Иван остановился на полушаге.
— С чего вы взяли? — спрашивает.
— Чувствую, — говорит Надюша.
Вот и предел той всеобщей радости — на смену ей уже разлука спешит, стучит подкованными копытами по влажной лесной земле, горячим собачьим потом травы обугливает…
А Горшеня очнулся оттого, что старшая мышь усами его щекочет — прямо в ноздрю попасть норовит. Он как чихнёт — чуть всех маленьких помощников со стола не сдул! Потом голову ладонями обстучал, сон из себя повытряхивал.
— А вы что, — спрашивает, — и клубок уже в обратную сторону перемотали?
Мыши кивают своими разумными головками, поблёскивают умненькими глазками.
— Ну спасибо вам, мышата, друзья вы мои серобокие! Всё в помощь вам!
Встал и поклонился им Горшеня. Мышата пискнули весело — и спешно под стол.
Вот везение-то — и выспался, и клубок к употреблению готов! Горшеня на прибор оглянулся: дескать, мигаешь, глупый, а тут чудеса вовсю творятся и на тебя поправку не делают! Погладил Горшеня волшебный клубок, к щеке прислонил.
— Ну, — говорит, — теперь ты выручай, клубочек-голубочек. Показывай путь-дорогу, веди меня куда надо.
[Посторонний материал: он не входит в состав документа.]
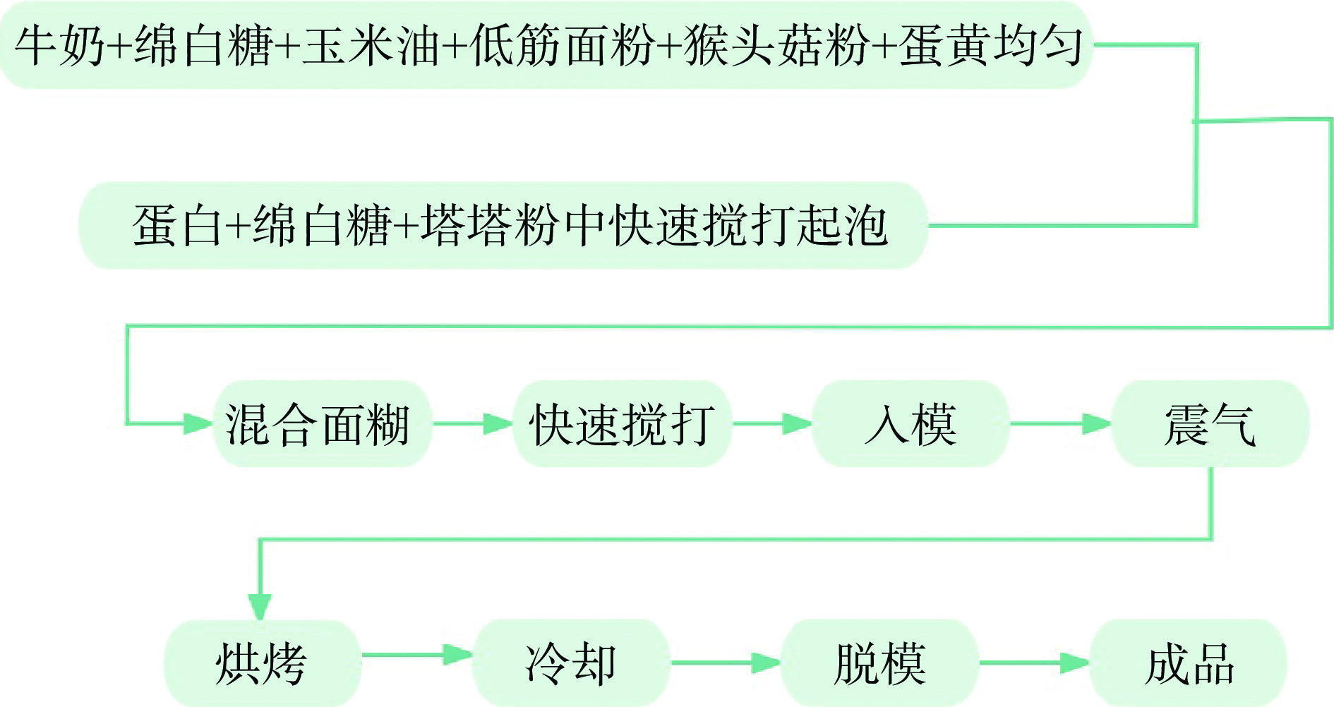 Hericium erinaceus powder 22.40 g, low gluten flour 100 g, milk 75 g, white sugar 93.70 g, corn oil 45 g, egg 242.85 g and tata powder 1 g.

Клубок из рук выпрыгнул, сделал три подскока, оттолкнулся от одной стены да в другую стену со всего маху — шлёп! Стена, понятное дело, на месте стоит, ничего в ней не дрогнет, ни один каменный мускул не дёрнется. А клубок снова подскочил и опять в ту же стену — хлоп! И так раз за разом, пока вдруг не проскочил прямо сквозь стену — только нитяной хвост наружу торчит и по полу волочится. Горшеня рот раззявил, да особо зевать некогда, стартовать пора: ухватился он за шерстяной хвостик, закрыл глаза — и шагнул прямо в стену каменную, будто сквозь каучук какой-то варкий протиснулся. А там, за стеной, открылся Горшене длинный полутёмный тоннель. Побежал Горшеня по тому тоннелю за клубком. Бежит и думает: «Прибор-то, однако, совсем бракованный: столько чудес вокруг него натворилось, а он хоть бы хны!»